RISE OF THE EXOPLANET
Astronomy professor David Charbonneau, who received his Ph.D. in astronomy from Harvard in 2001, is one of the world’s leading experts on exoplanets, planets that orbits stars outside our own solar system. He is also the director of undergraduate studies for the Harvard Astronomy department and a researcher at the Harvard-Smithsonian Center for Astrophysics.
And Charbonneau says that within three years, man will likely discover habitable planets on which life could thrive.
“What I will tell [my students] in the first lecture is, ‘If you’re a freshman, you will probably be an undergraduate at Harvard when you hear about the discovery of the first habitable exoplanets.’ It’s really going to happen.”
Charbonneau says his research into exoplanets is driven primarily by the question: “Can we find an analogue of the Earth?”
When an exoplanet comes between its star and Charbonneau’s telescopes, it creates an interstellar eclipse that reveals the planet’s potential for life. Based on the amount of light that is blocked by the eclipse and the properties of the incoming light, researchers can calculate the planet’s density and atmospheric composition to check whether it’s habitable. And if the planet is in the so-called “Goldilocks Zone,” the range of orbital distances within which a planet is not too hot or cold, there may just be life.
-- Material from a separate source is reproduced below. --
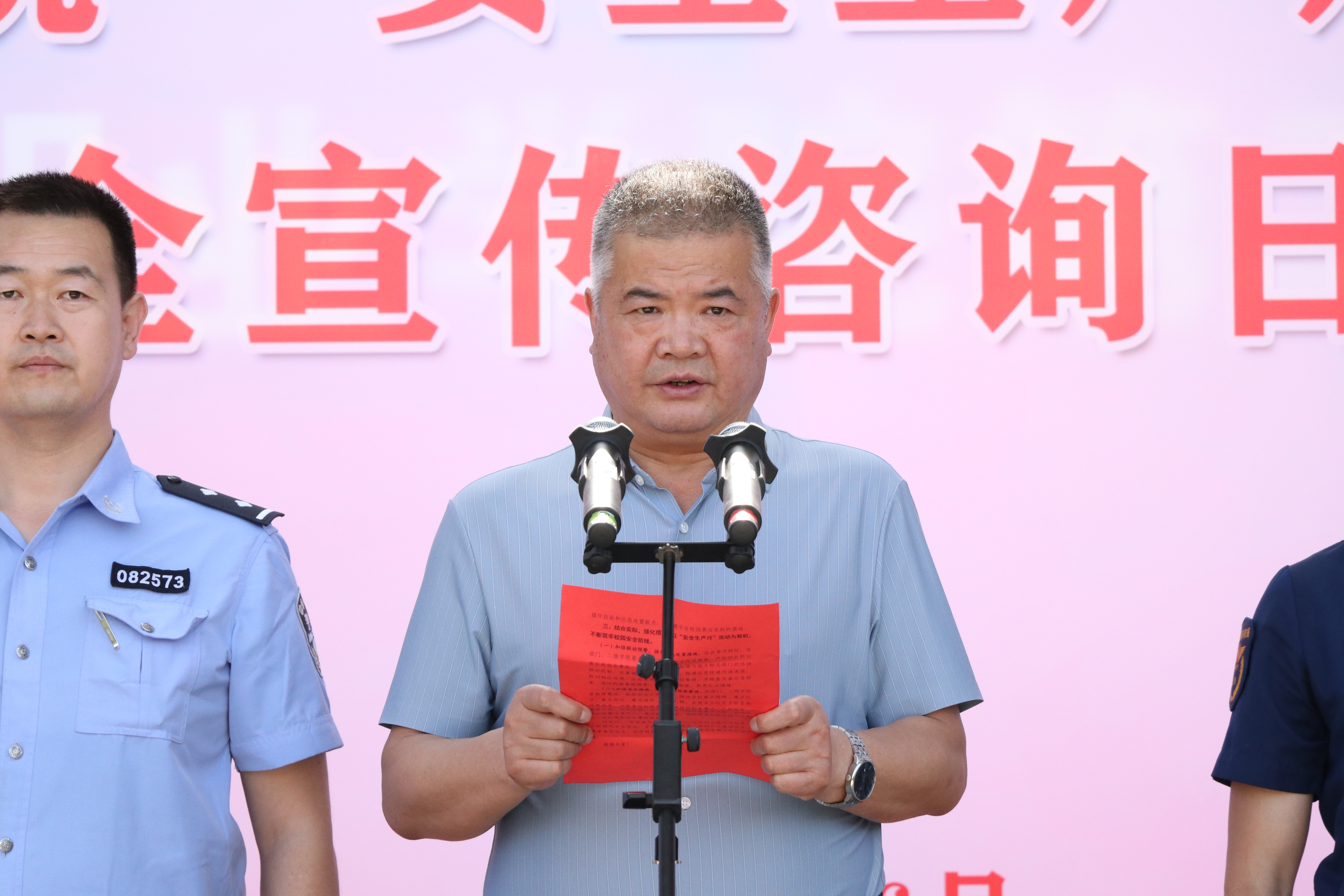 6月16日下午,學(xué)校組織開展“安全生產(chǎn)月”活動啟動儀式暨“6·16”安全宣傳咨詢?nèi)栈顒?,拉開了以“人人講安全、個(gè)個(gè)會應(yīng)急”為主題的全國第22個(gè)“安全生產(chǎn)月”活動序幕。學(xué)校黨委委員、副校長王守云、西關(guān)派出所副所長藺福鵬、各相關(guān)部門及二級學(xué)院負(fù)責(zé)人出席活動。

Charbonneau’s approach is gaining wide-spread support. The Kepler Mission is a NASA-based program with the goal of finding Earth-like exoplanets. The Kepler space observatory was launched in the spring of 2009 and is expected to have results by late 2012. Charbonneau, who is also a member of the Kepler team, is confident that Kepler’s results will be positive. “If they’re out there, Kepler’s going to find them,” he says.
Charbonneau recognizes that his goals are not as ambitious as those of SETI—a confirmed extra-terrestrial radio signal. “They’re sort of in this one quadrant of very high risk, very high return science,” he says.
But he believes that, ultimately, the differing methods are two sides of the same coin.
“SETI and [the exoplanet] approach are very similar in terms of what they want to do, but they’re totally different in terms of underlying assumptions,” he says. “SETI requires intelligent life interested in communicating and interested in radio telescopes. The path we’re advocating is basically that there are inevitable things that life does to the atmosphere.”
He continues, “There was no intent to change the atmosphere on the part of photosynthetic bacteria billions of years ago; it’s just an inevitable consequence of their daily activities.”